In `FfiRoom::connect`, after `Room::connect()` succeeds, registered audio-filter plugins are initialized via `filter.on_load(&req.url, &req.token)` in a `spawn_blocking` task, and the `ConnectCallback` is not sent to the FFI client until that completes:

https://github.com/livekit/rust-sdks/blob/f5e85edd394a08c6282ed0dbf8ef881272869c23/livekit-ffi/src/server/room.rs#L151-L172

`on_load` for the noise-cancellation plugin performs a blocking HTTPS request to the LiveKit Cloud endpoint. There is no timeout around the plugin call. If that request stalls (DNS resolver timeout, SYN blackhole, etc.), the `ConnectCallback` is delayed for however long the OS takes to give up — in practice ~130+ seconds (default Linux TCP connect give-up).

**Observed behavior**

In a production voice-agent deployment (Python agents framework over this FFI) we observed two calls where:

- The room WebSocket connected normally — the agent participant was active server-side within ~0.4s of job dispatch.
- The FFI did not deliver `ConnectCallback` for ~137s.
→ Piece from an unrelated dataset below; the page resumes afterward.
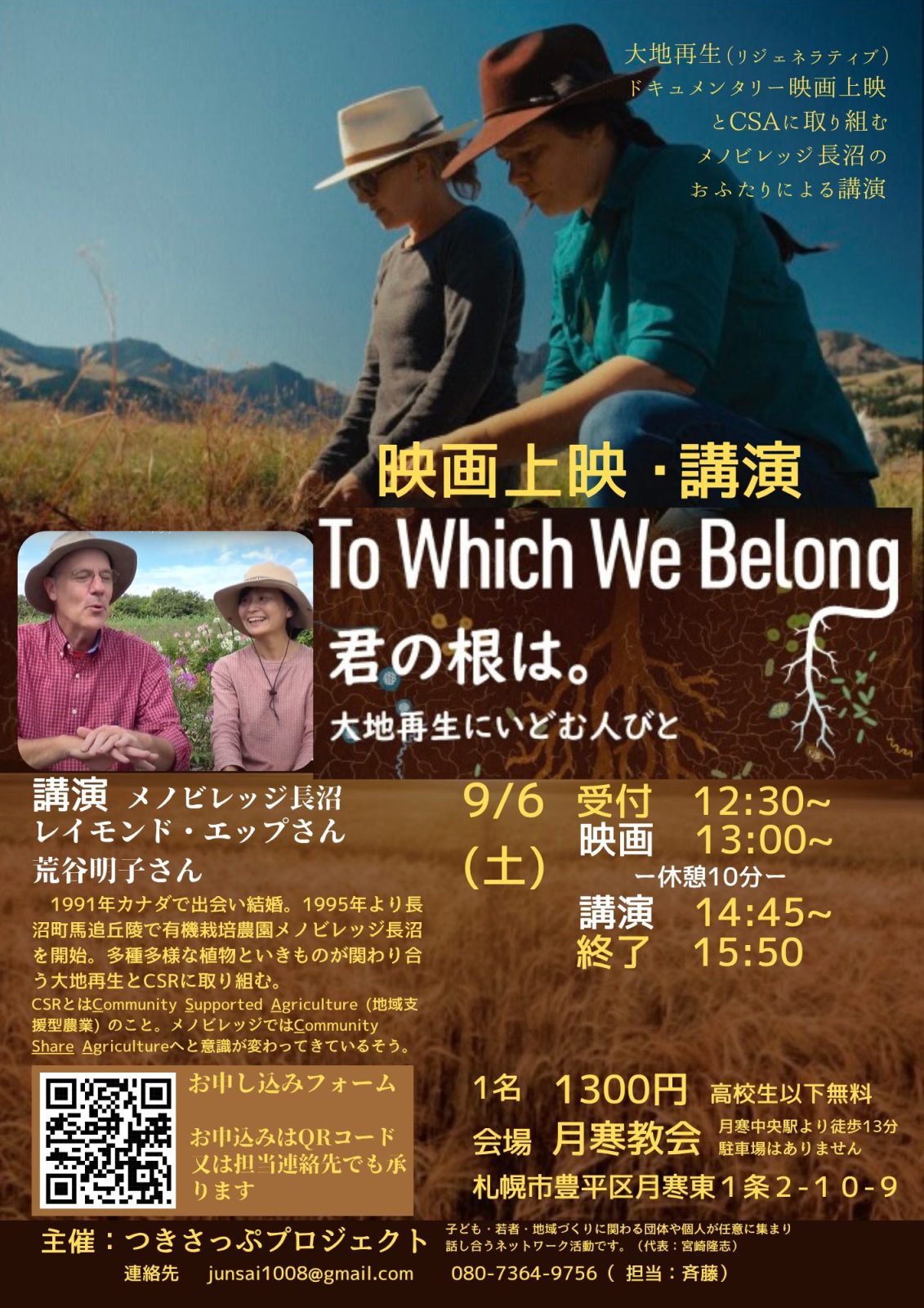 この映画は大地再生のドキュメンタリー映画ですが、単に農に関わる話ではなく分断し続けた人間の生きかたそのものを捉え直すきっかけになる映画です。社会の縦割の仕組みが分断を進め、「個」から「孤」へと進む現代、この映画は’つながり’が土の中の根のように目にはみえないけれど重要であることを示唆してるとも言えます。当日は繋がりづくり(CSA)を実践されているメノビレッジ長沼のおふたりの講演で、有機栽培から転向し地域やご本人達にどんな変化があるのか等もお聞きしたいと思います。

The agents framework logged `The room connection was not established within 10 seconds after calling job_entry`, and `ctx.connect()` appeared hung.
- Because the agent session couldn't start, the agent never subscribed/published; the SIP caller heard ~128s of ringing and the carrier CANCELled the call.
- When `on_load` finally failed, the FFI logged `audio filter cannot be enabled: LiveKit Cloud is required` (older message text; now "ensure you are connecting to LiveKit Cloud...") and only then reported connected — ~10s after the room had already been torn down.

Note the irony: filter init failure is deliberately non-fatal ("Skip returning an error here to keep the rtc session alive"), but a *slow* failure is effectively fatal to the session anyway, and misleadingly presents as a room-connection problem rather than a plugin problem.

**Proposed fix**

- Wrap the `on_load` loop in a bounded timeout (a few seconds, e.g. 5s, or configurable via `ConnectRequest`). On timeout: log a warning, skip enabling the filter, and proceed — matching the existing non-fatal error handling.
- Alternatively/additionally: send `ConnectCallback` first and initialize filters concurrently, marking the filter unavailable if init fails.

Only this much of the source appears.